I'd say the bug is in determine_min_objsize, which makes assumption that are simply not valid in GIMPLE after optimizations. Before fre3 we have: _2 = &ptr.0_1->header.magic; _3 = __builtin_strcmp (_2, "x"); ... _4 = &ptr.0_1->buffer; _5 = __builtin_strcmp (_4, "ab"); but fre3 changes that to: _2 = &ptr.0_1->header.magic; _3 = __builtin_strcmp (_2, "x"); ... _5 = __builtin_strcmp (_2, "ab"); because it determines that _2 and _4 have the same value. They do, but determine_min_objsize attempts to argue from this change that the strcmp will never be true, because &ptr.0_1->header.magic is a 2 byte array in a struct inside of union.

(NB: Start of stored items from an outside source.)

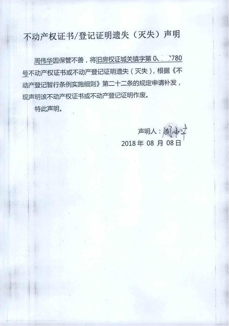 不动产权证书遗失声明(周伟华)
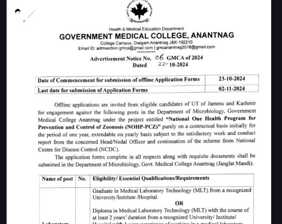 • GMC Anantnag reserves the right to terminate employment if performance is not satisfactory.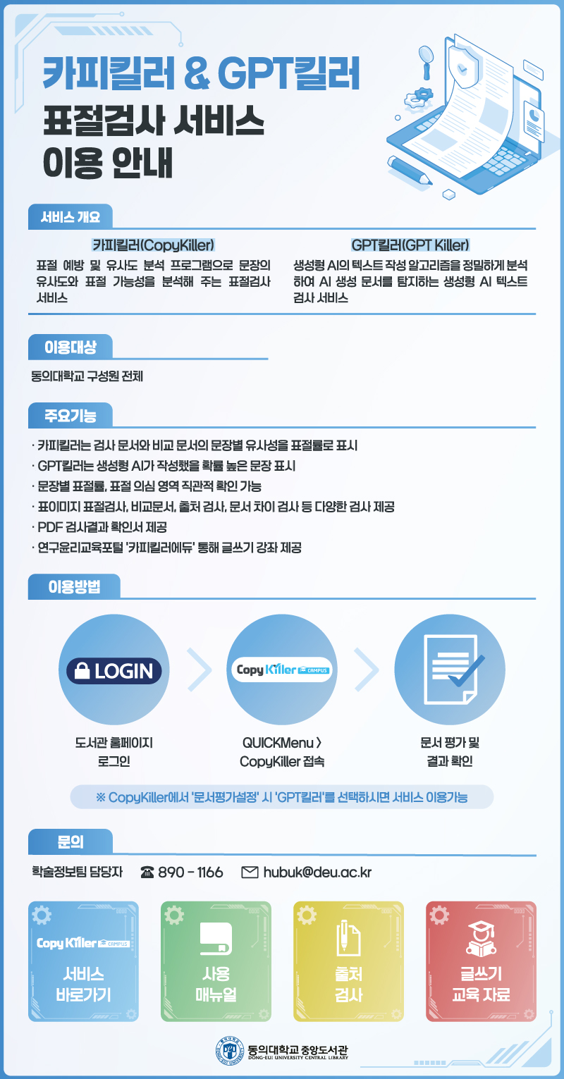 중앙도서관에서는 표절 예방 및 유사도 분석 프로그램인 카피킬러를 운영 중이며, 추가로 GPT킬러를 신규로 도입하여 운영하고자 합니다. 이에 다음과 같이 안내드리오니, 학내 구성원들의 연구와 교육에 많은 이용 바랍니다.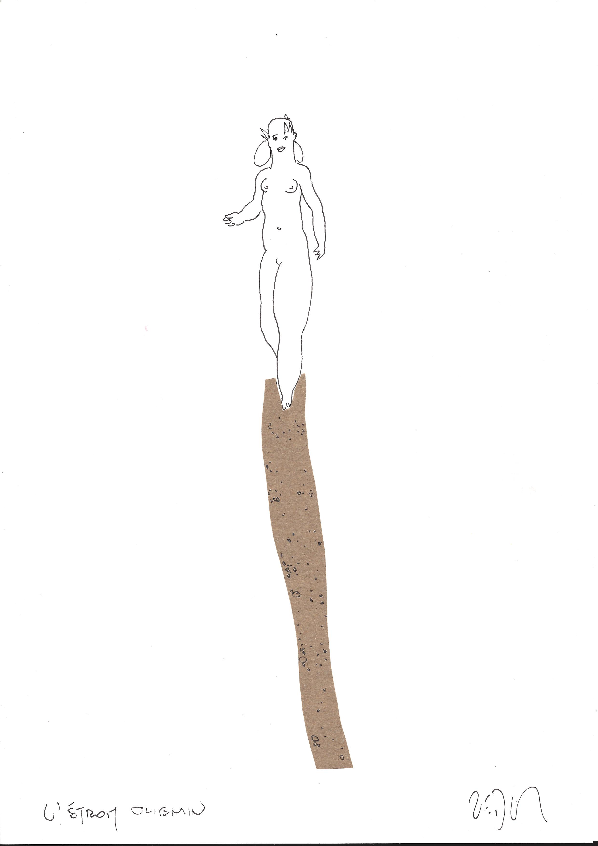 Drawing of the Day – 0898 – Dessin du jour « On the narrow path – L’étroit chemin » Mixed Media on Paper 8×12″ (21x30cm) Technique mixte sur Papier Drawing of the Day available for CDN$ 150 (125€) Dessin du jour disponible au prix de 125€ (150 $CAD)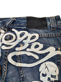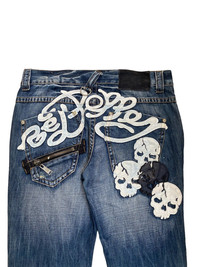 ITEM Japanese brand red pepper skull jeans Size : on tag 34 Waist : 34 (17inches) Length : 43.5 inches Before buying please check the details🙏 ❌ NO REFUND ❌ NO RETURN ❌ NO JOY Express shipping ✈️ Feel free to massge me anytime☺️
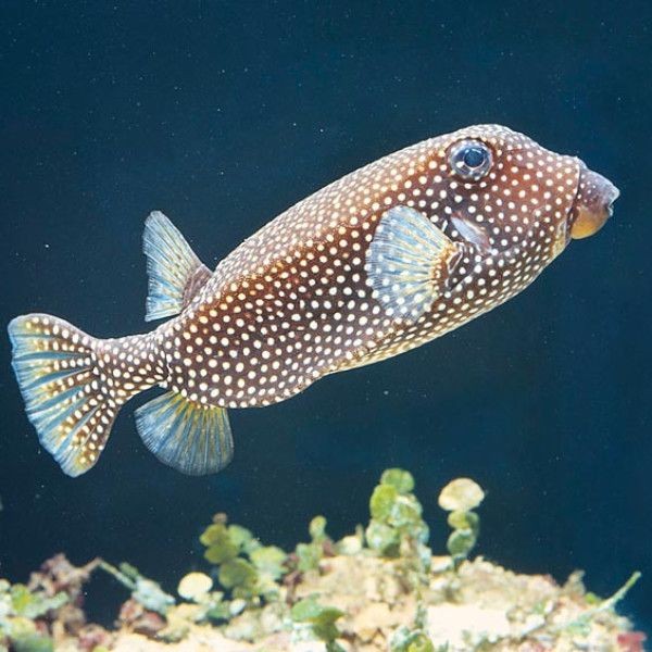 Een Whitespotted Boxfish wordt 25 cm en is een trage zwemmer, dus zeker niet geschikt voor een aquarium met sterke stroming.

The source didn't have such an expression there though. So, either we change GIMPLE and claim that such properties need to be preserved, in that case SCCVN would need to either not do that optimization (and other passes too) or say modify the expression that is kept say to ptr.0_1 or &ptr.0_1->buffer as one that has the larger minimum object size, or determine_min_objsize simply can't make such assumptions.
But isn't the case magic could be considered a variable length field since it is st the end of the struct?
(In reply to Jakub Jelinek from comment #2) > I'd say the bug is in determine_min_objsize, which makes assumption that are > simply not valid in GIMPLE after optimizations. > Before fre3 we have: > _2 = &ptr.0_1->header.magic; > _3 = __builtin_strcmp (_2, "x"); > ... > _4 = &ptr.0_1->buffer; > _5 = __builtin_strcmp (_4, "ab"); > but fre3 changes that to: > _2 = &ptr.0_1->header.magic; > _3 = __builtin_strcmp (_2, "x"); > ... > _5 = __builtin_strcmp (_2, "ab"); > because it determines that _2 and _4 have the same value. They do, but > determine_min_objsize attempts to argue from this change that the strcmp > will never be true, because &ptr.0_1->header.magic is a 2 byte array in a > struct inside of union. The source didn't have such an expression there > though. > So, either we change GIMPLE and claim that such properties need to be > preserved, in that case SCCVN would need to either not do that optimization > (and other passes too) or say modify the expression that is kept say to > ptr.0_1 or &ptr.0_1->buffer as one that has the larger minimum object size, > or determine_min_objsize simply can't make such assumptions. determine_min_objsize cannot make such assumptions (when producing answers used for optimization rather than just warnings). We're sort-of fencing off FRE to aid the warning machinery but only for zero-offset components and only before IPA inlining.
Note, determine_min_objsize calls compute_builtin_object_size with 2 rather than 3, which means it is in this regard conservative and uses whole object size rather than just subobject, we've been there in the past, punt on some optimizations before the first objsz pass and for subobject sizes compute them early now. But the rest of determine_min_objsize, if compute_builtin_object_size fails, ignores this and thinks it can use subobject sizes when it can't.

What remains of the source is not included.